■ INPUT RECORDS
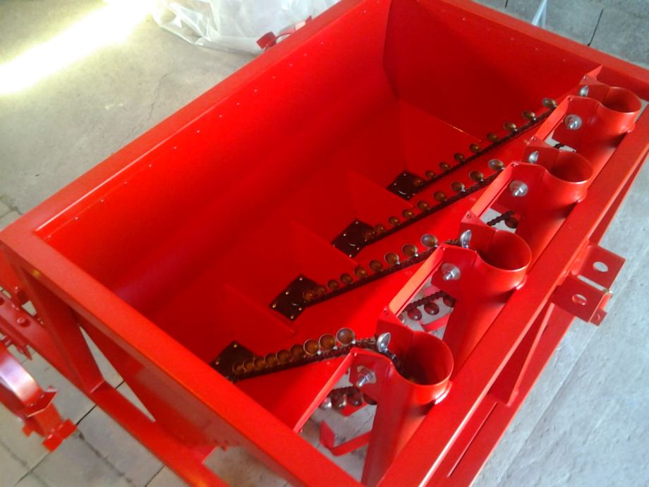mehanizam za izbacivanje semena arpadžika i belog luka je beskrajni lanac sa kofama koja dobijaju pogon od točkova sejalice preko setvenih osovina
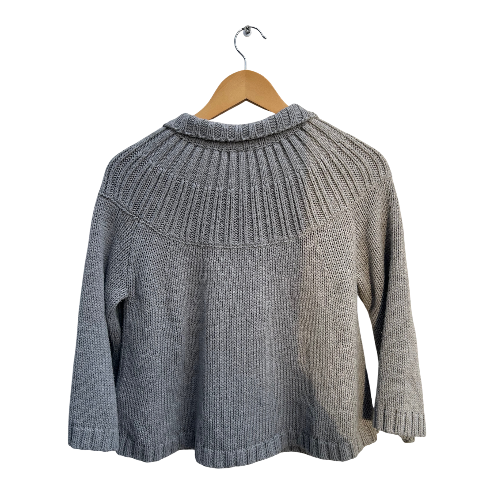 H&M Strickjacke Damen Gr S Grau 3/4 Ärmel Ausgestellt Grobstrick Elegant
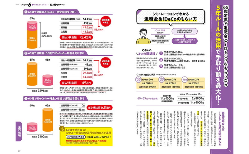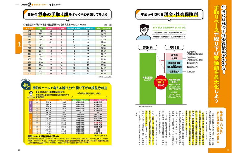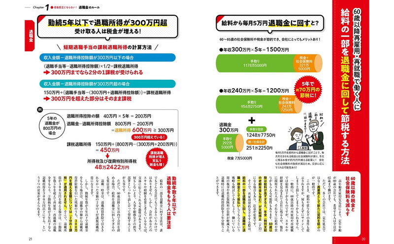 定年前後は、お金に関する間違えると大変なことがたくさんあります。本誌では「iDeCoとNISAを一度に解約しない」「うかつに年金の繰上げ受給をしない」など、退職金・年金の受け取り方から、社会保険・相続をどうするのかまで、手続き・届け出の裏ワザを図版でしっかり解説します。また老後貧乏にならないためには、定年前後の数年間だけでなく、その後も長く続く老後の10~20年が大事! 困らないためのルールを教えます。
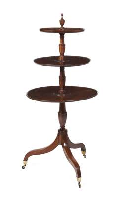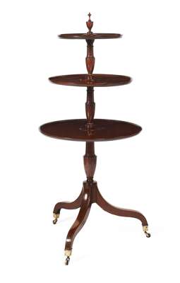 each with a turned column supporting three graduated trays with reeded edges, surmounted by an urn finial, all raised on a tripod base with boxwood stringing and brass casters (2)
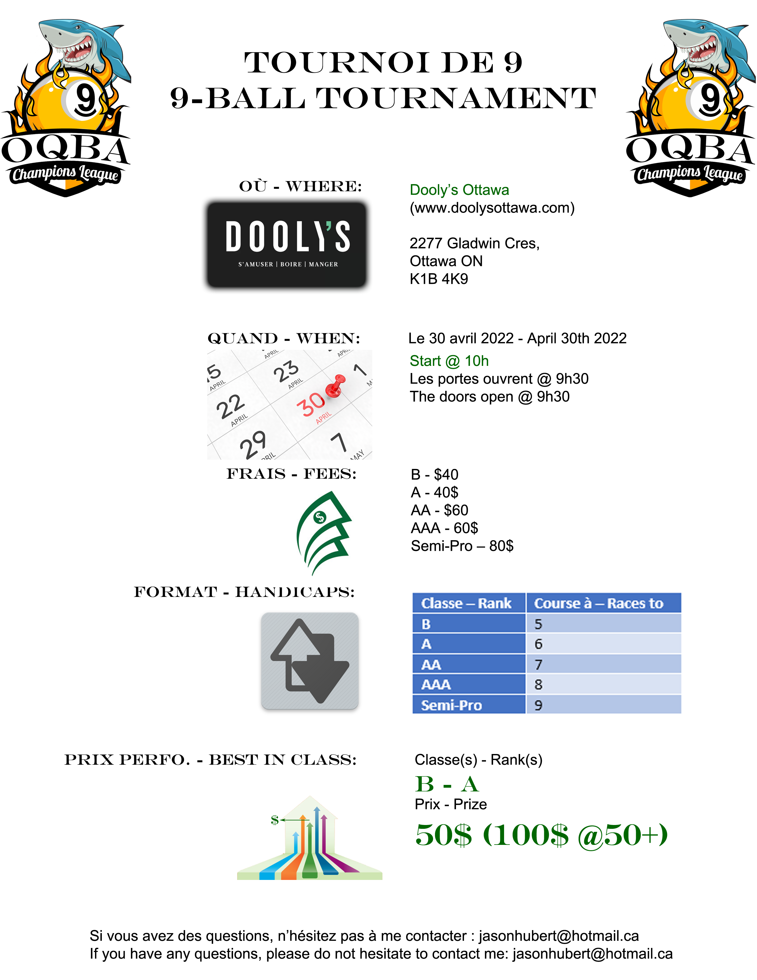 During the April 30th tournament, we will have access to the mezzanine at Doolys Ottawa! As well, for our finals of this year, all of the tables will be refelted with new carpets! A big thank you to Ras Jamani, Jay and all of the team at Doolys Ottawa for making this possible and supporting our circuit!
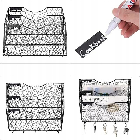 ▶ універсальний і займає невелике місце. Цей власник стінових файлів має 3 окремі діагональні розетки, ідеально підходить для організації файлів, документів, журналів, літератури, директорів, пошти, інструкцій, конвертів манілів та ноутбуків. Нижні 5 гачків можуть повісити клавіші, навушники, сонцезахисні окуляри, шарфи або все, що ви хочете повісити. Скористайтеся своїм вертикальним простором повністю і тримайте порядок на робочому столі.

■ BRIEF
Could you repeat exactly the lines from the first one of the records above through the line containing "each with a", leaving out any pictures?

■ WORKED SOLUTION
mehanizam za izbacivanje semena arpadžika i belog luka je beskrajni lanac sa kofama koja dobijaju pogon od točkova sejalice preko setvenih osovina
 H&M Strickjacke Damen Gr S Grau 3/4 Ärmel Ausgestellt Grobstrick Elegant
 定年前後は、お金に関する間違えると大変なことがたくさんあります。本誌では「iDeCoとNISAを一度に解約しない」「うかつに年金の繰上げ受給をしない」など、退職金・年金の受け取り方から、社会保険・相続をどうするのかまで、手続き・届け出の裏ワザを図版でしっかり解説します。また老後貧乏にならないためには、定年前後の数年間だけでなく、その後も長く続く老後の10~20年が大事! 困らないためのルールを教えます。
 each with a turned column supporting three graduated trays with reeded edges, surmounted by an urn finial, all raised on a tripod base with boxwood stringing and brass casters (2)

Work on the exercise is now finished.